The on-disk check is the ultimate safety net. It's slower than the DB check (stat syscall per file vs one SQL query), but it catches the case where the DB is out of sync.
Design Rules for Resume Safety
1. Write the artifact before updating the state
# CORRECT: file exists = work is done
dest.write_bytes(response.content) # artifact first
conn.execute("UPDATE ... SET done = true") # state second
# WRONG: state claims work is done, but artifact doesn't exist
conn.execute("UPDATE ... SET done = true") # state first
dest.write_bytes(response.content) # artifact second — may never happen
If the process dies between the two operations, the first pattern leaves an extra file (harmless), while the second pattern leaves a false flag (data loss).
2. Filter by "not done" rather than tracking "what's left"
# CORRECT: query for remaining work each time
pending = conn.execute("SELECT id FROM items WHERE done = false").fetchall()

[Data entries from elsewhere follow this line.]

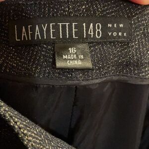 Lafayette 148 New York Black wool wide leg pants, size 16. Excellent used condition. Lined. Black with gold thread running throughout. 93% virgins wool, 7% polyester. 31” inseam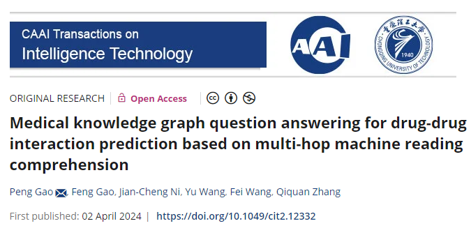 学术论文(Peng Gao, Feng Gao, Yu Wang, Jian-Cheng Ni and Fei Wang. Medical Knowledge Graph QA for Drug-Drug Interaction Prediction based on Multi-hop Machine Reading Comprehension)。该论文以第一色情网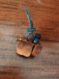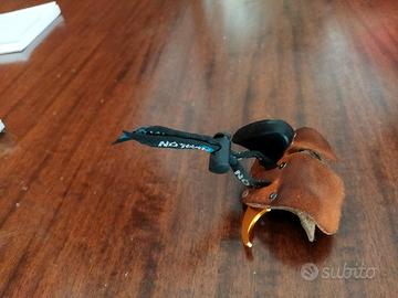 patella che protegge le dita indice, medio e anulare dal contatto con la corda, com. poggia mento regolabile.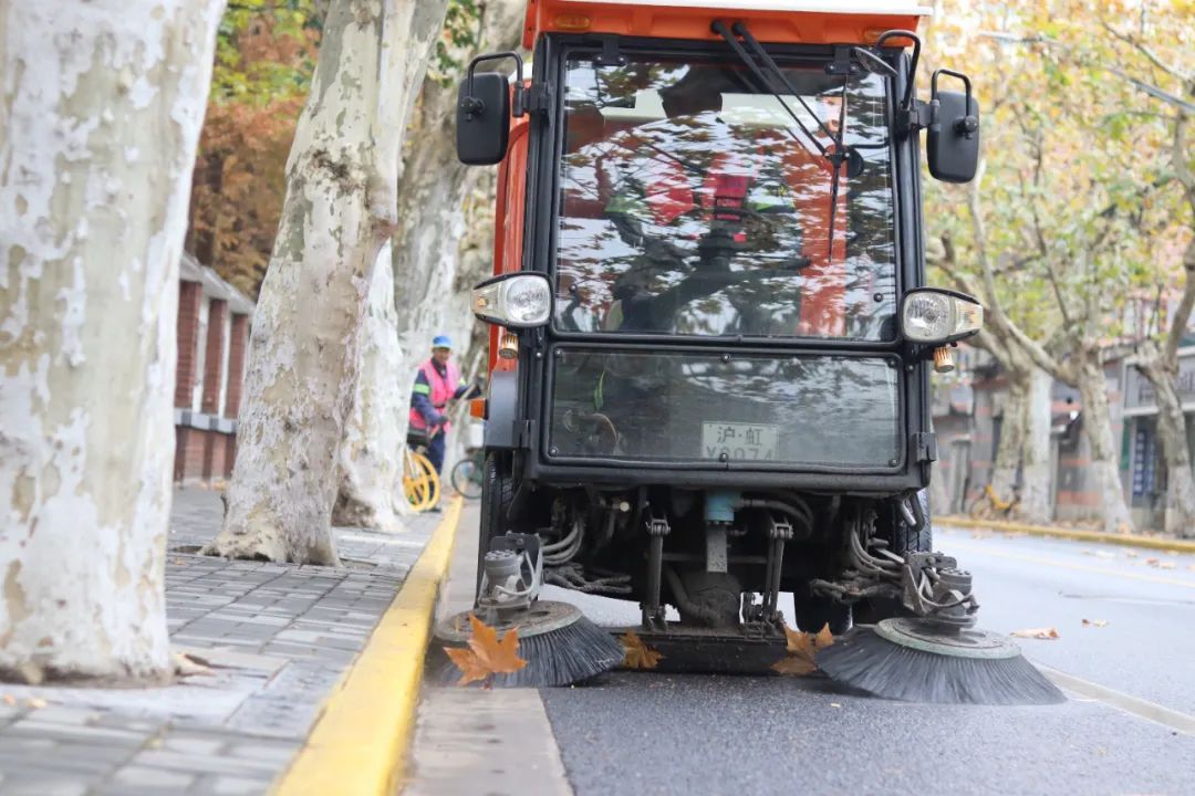 不过,美好背后也有考量,天气变化便是其中之一。虹口城发下属虹远保洁公司川北作业块经理邰俊祺介绍,遇到雨天、雾霾等恶劣天气时,落叶可能会变得湿滑,保洁模式会适时调整。环卫工人会及时清理落叶,防止雨水口被落叶遮蔽,影响交通安全。一旦发生道路污染等意外情况,也会进行集中清扫,确保道路的安全畅通。

# FRAGILE: maintain an in-memory work queue
remaining = initial_list.copy()
for item in progress:
remaining.remove(item) # lost on kill
The "not done" query rebuilds the work list from durable state. An in-memory queue is lost on interrupt.
3. Make operations idempotent
Each operation should be safe to repeat:
- Download: Skip if file exists. Don't re-download and overwrite.
- INSERT: Use
INSERT OR IGNORE,ON CONFLICT DO NOTHING, or check existence before inserting. - UPDATE: Setting
flag = truewhen it's alreadytrueis a no-op. Safe to repeat. - DELETE: Deleting a row that's already deleted is a no-op in most databases.
4. Log progress at meaningful intervals
if i % 500 == 0:
logger.info(f"Progress: {i}/{total}")
Progress logs are your audit trail for what happened before a crash. They also help estimate how long a re-run will take.
Feature Extraction Resume Safety
The same pattern applies to feature extraction. The query filters by what's already processed:
SELECT di.image_sk FROM dim_image di
WHERE di.thumb_downloaded = true
AND di.image_sk NOT IN (SELECT image_sk FROM feature_image_visual)
If visual extraction is killed at image 8,000, the re-run finds 4,217 remaining and processes only those. No duplicate features, no wasted compute.
What Resume Safety Costs
- Extra disk checks:
dest.exists()for every image adds ~1ms each. For 12,000 images, that's 12 seconds — negligible compared to download time. - Slightly more complex queries:
NOT IN (SELECT ...)is slower than a simpleSELECT *. For 12,000 rows, it adds milliseconds. - finally block complexity: The flush-on-interrupt logic adds ~10 lines of code.
These costs are trivial compared to re-downloading 6,000 images because the pipeline couldn't resume.
Broader Lesson
Resume safety is cheapest when designed in from the start. Retrofitting it requires understanding all the state transitions and adding checks at each one. The pattern is always the same:
- Durable artifact (file, DB row) marks completion
- Query for remaining work rebuilds the work list from durable state
- Idempotent operations make re-execution safe
- Graceful shutdown flushes partial progress
This applies to any long-running pipeline: ETL jobs, model training checkpoints, migration scripts, backup processes.